— Игорь Игоревич, я хотел попросить вас…
— Да?
— Просто представил: как бы я сейчас был зол, если бы у меня, а не у вас вынесли состояние.
— И что?
— Вы не могли бы с Гроссом… как бы это сказать… помягче, что ли? Его вина не доказана, и потом, если его напугать сейчас, то из него выйдет плохой помощник потом…
— Убью не задумываясь.
Я действительно задыхался от ярости. Ярость и страх — вот что вело меня сейчас к адресу, который мы со Стариком установили в том же HR.
— И все-таки я попросил бы вас…
Он сейчас заморочен больше, чем я. Полностью отстранившись от чувства юмора, он весь в работе. Да и юмор, надо сказать, у меня каторжанский…
— Ладно, ладно, — бормотал я, видя, как водительница (я ее иначе назвать не могу) «Инфинити» все чаще и чаще посматривает в зеркало, — ты смотри, чтобы тебя там Таечка не уболтала.
— Сынок, я в том цветущем возрасте, когда уболтать меня можно, лишь потратив на то кучу времени. Я думаю, к тому моменту, как это случится, наступит понедельник.
Я снова бросил трубку на сиденье.
Понедельник…
Я не могу даже предупредить управляющего «Бэнк оф Нью-Йорк» по электронной почте!
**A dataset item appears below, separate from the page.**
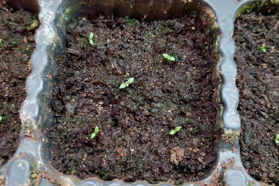 Присипати насіння землею не потрібно. Достатньо обережно притиснути його до землі. Посів необхідно зволожити та накрити плівкою або склом. Земля має завжди залишатися зволоженою. Також необхідно провітрювати посів.

Во-первых, чхал он на это письмо, во-вторых, пока оно до него доберется через фильтр инстанций, в-третьих… А что в третьих?
Я что-то разошелся.
Немного раскинув мозгами, я придумал и третье. В понедельник в десять часов утра в банк войдет человек с моими паролями и перебросит деньги на другой счет. Куда-нибудь на Кипр или в Камбоджу. «Бэнк оф Нью-Йорк» — это не «Сбербанк России», в нем операции производятся в течение часа. Я ненавижу Соединенные Штаты за их отлаженный механизм демократии! Пошли сейчас проклятия в адрес Колумба, тот только зевнет в гробу и скажет: «А я — что? Я только Колумбию открыл».
Я ударил по тормозам. Сучка в «Инфинити» или мечтает о том, чтобы я разнес задницу ее кроссоверу, или просто не может одновременно вести машину, смотреть в зеркало и бояться.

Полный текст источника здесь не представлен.